Bad roads, gridlock threaten ports operations

Bad roads, gridlock threaten ports operations
Apapa Traffic

Notwithstanding the approval of the contract for the construction of the port access roads, operators said the situation is still posing a threat to lives and operations at the nation’s busiest seaports in Lagos.

The access road leading to the ports is identified as the major challenge affecting the efficiency and competitiveness of the ports when the Board of Directors of the Nigerian Ports Authority (NPA), visited the Lagos ports complex to examine their operations.

The Board, led by its Chairman, Emmanuel Adesoye, said all stakeholders, including NPA, are worried about the situation of the roads; hence it has taken a frantic step to ensure swift reconstruction of the roads.

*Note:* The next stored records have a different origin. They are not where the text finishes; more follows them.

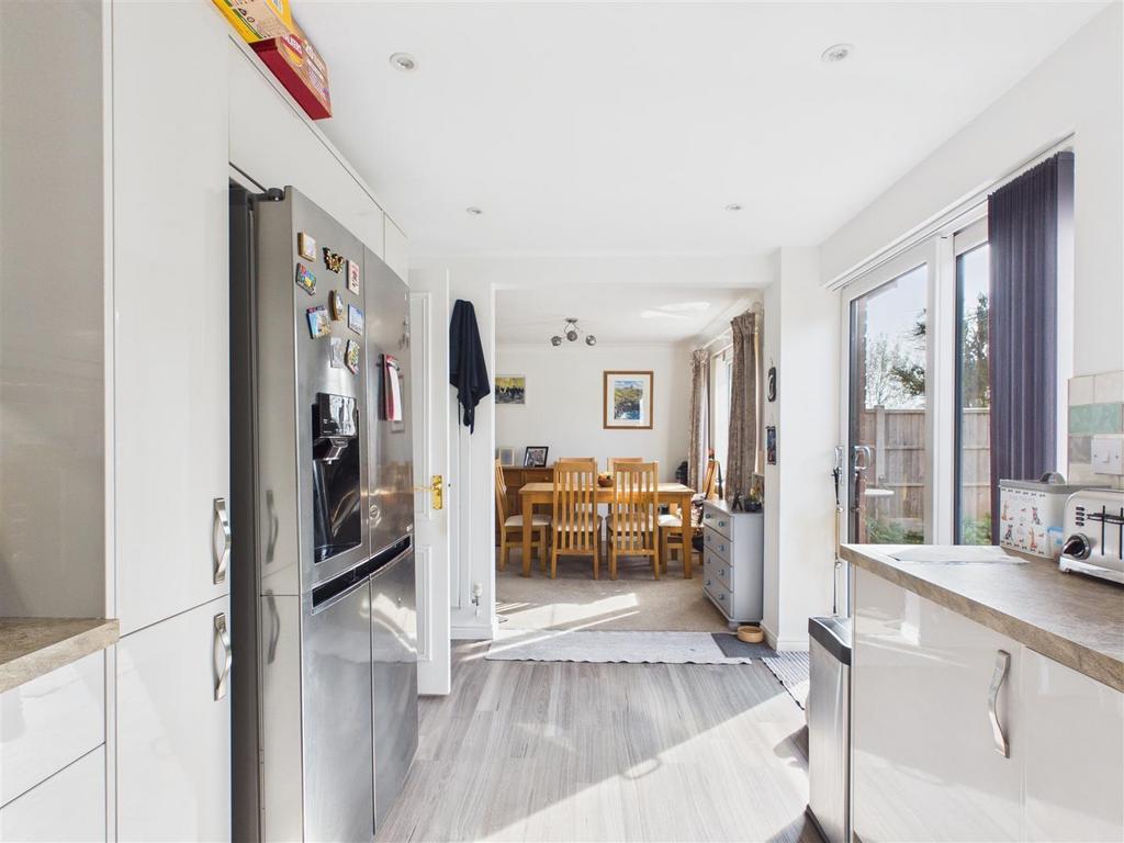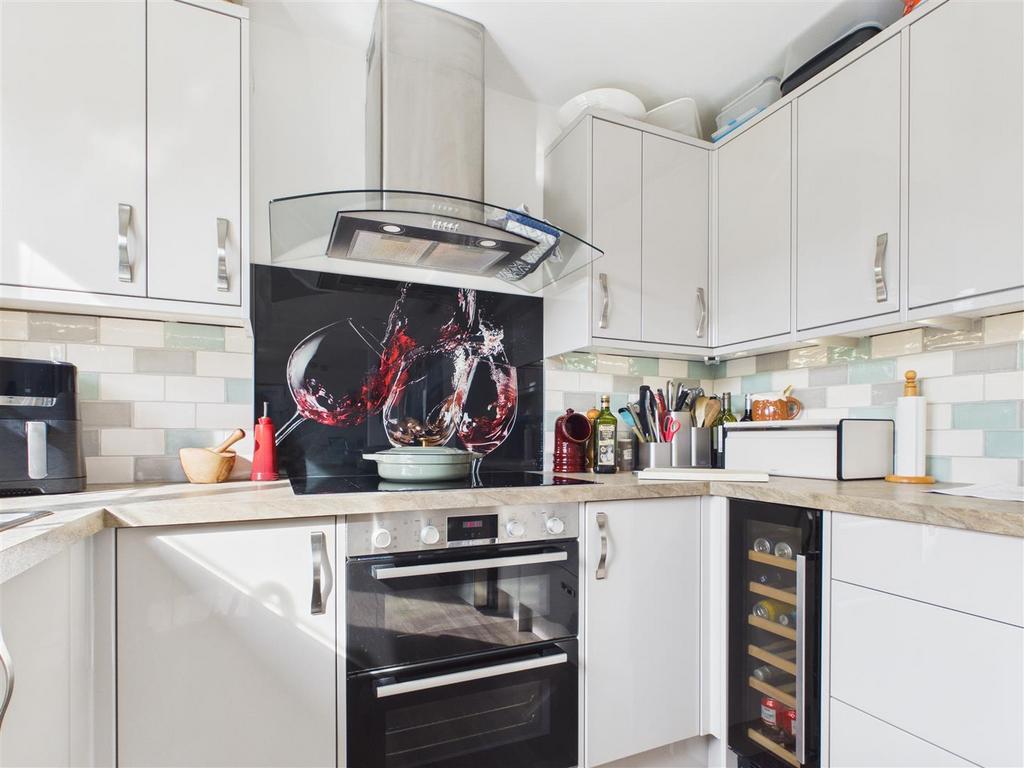 Kitchen - Vinyl flooring, mix of wall and base units surmounted by work surface. kitchen sink, tiles, kitchen benefits from integrated dishwasher, wine cooler, oven with hob and extractor over. UPVC window with rear garden aspect, with patio doors leading to the rear garden.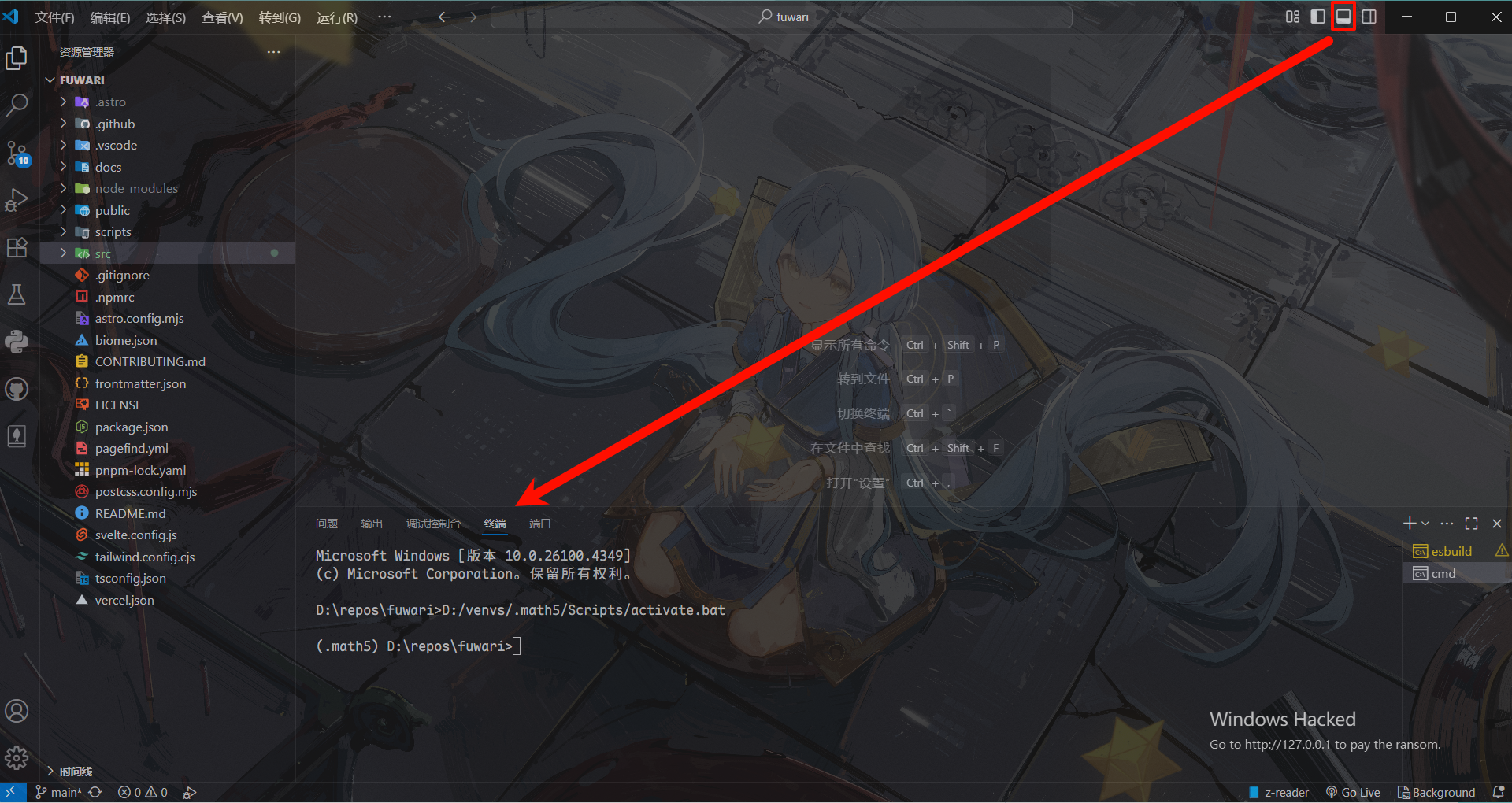 打开vscode的终端:
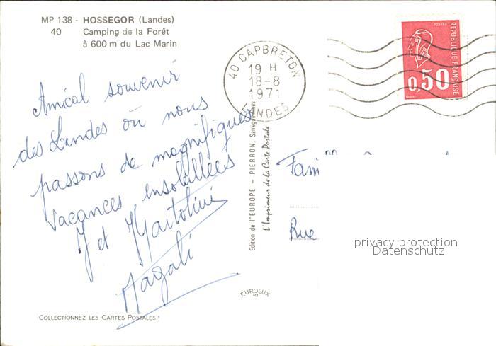 12003083 carte postale Hossegor Soorts Landes Camping de la Foret Lac Marin postalisch gelaufen Erhaltung siehe scans KatCode: 11170040140304

He said the Authority is currently working tirelessly to support the Ministry of Works and Housing as well as the contractor to ensure a speedy delivery of the job.

“We are here to access the progress made since the last two years. It is important for us to feel the pulse of the operators here especially in view of the terrible gridlock that we are experiencing on the Apapa Road, and how it affects our operations and businesses around the country.

“The federal government through the Ministry of Works and Housing is working hard to fix the problem, while the Ministry of Transportation is working on the standard gauge railway system, and I am sure that when these are operational in one year or thereabout, we will be out of the wood,” he said.

According to him, the port is now moving cargoes through barges from Apapa and TinCan Island Ports to Ikorodu, and Kirikiri Lighter terminals, which is helping to reduce pressure on the roads.

Furthermore, he said the Lekki deep seaport scheduled to be completed by 2021, is strategically located to have a deep draft, and expected to be the best in West Africa, as the big ships can berth there without any problem.

Attending to the board, the Port Manager, TinCan Island Port, Emanuel Akporherhe, said about 213 ships called at the TinCan Island port in the first quarter 2019, with a gross tonnage of 6.7 million tonnes.

He solicited more financial support to enhance the renovation of the office building and maintenance of other facilities in the port.

He commended the efforts of the Managing Director, NPA, Hadiza Bala-Usman, and her team in drawing Federal Government’s attention to the terrible condition of the Oshodi-Apapa-Oworonshoki Expressway.

The NPA board decried the dilapidated access roads in all the terminals visited and attendant effects on the shipping business.

The terminals visited included: ENL Consortium, Apapa Bulk Terminal Limited, Five Star Logistics, and Josepdam Terminal, among others.

Meanwhile, the Maritime Workers Union of Nigeria (MWUN), has threatened to shut down the nation’s seaports.

President-General of the union, Adewale Adeyanju, who spoke in Lagos, recalled that in 2018, government had promised to repair the Ijora-Apapa and Oshodi-Apapa expressways before the end of the second quarter, but nothing had been done to fix the failed portions of Tin Can Island access road till this moment.

Adeyanju noted that government has failed to fulfil its own part of the agreement in the communiqué signed by both parties in 2018, which has now expired.

He also acknowledged efforts made by the government to reconstruct the Ijora-Apapa Road, but bemoaned the dilapidated and abandoned state of the Oshodi-Apapa Road.

Highlighting some of the challenges faced by the union during a working visit by the Executive Director, Maritime Labour and Cabotage Service, Nigerian Maritime Administration and Safety Agency (NIMASA), Ahmed Gambo, the union leader called on the government to put in place measures to fix the deplorable road.

“The Vice President of this great country came to visit the port last year, he saw the situation of the port, and a contract was awarded to the same man constructing the Wharf Road linking the Apapa Port, but we want to know what is happening to Tin Can Island Port access road.

“What we are saying is that the government should put some palliative measures on ground, which we know will reduce the gridlock on the road, and that is the essence of saying we might be forced to renew our suspended ultimatum.

“We cannot access Tin Can Island Port, we cannot even access Mile 2; what we told the ministries at the meeting last year, was for them to upgrade the roads through palliative measures because Apapa was still under construction then. But Apapa Port access road is a bit motor-able for now, and nothing is done to Tin Can port access road.

While commenting on the security agencies deployed to ease the gridlock along the ports corridor, Adeyanju decried the alleged extortion of truckers, noting that the situation has led to high cost of transportation.

According to him, truck owners have increased haulage charges due to the alleged extortion and molestation by the taskforce at the Ijora Bridge, even as he noted that such actions have caused a major setback to the growth of the maritime sector.

He opined: “We believe that the federal government set up the taskforce to make sure that the road is accessible by all the port users, but from our information, the place has been converted to a market place.”

He also told his guest how the truck owners had threatened to withdraw their services over the alleged extortion, but for the timely intervention of the union, which stopped the proposed action.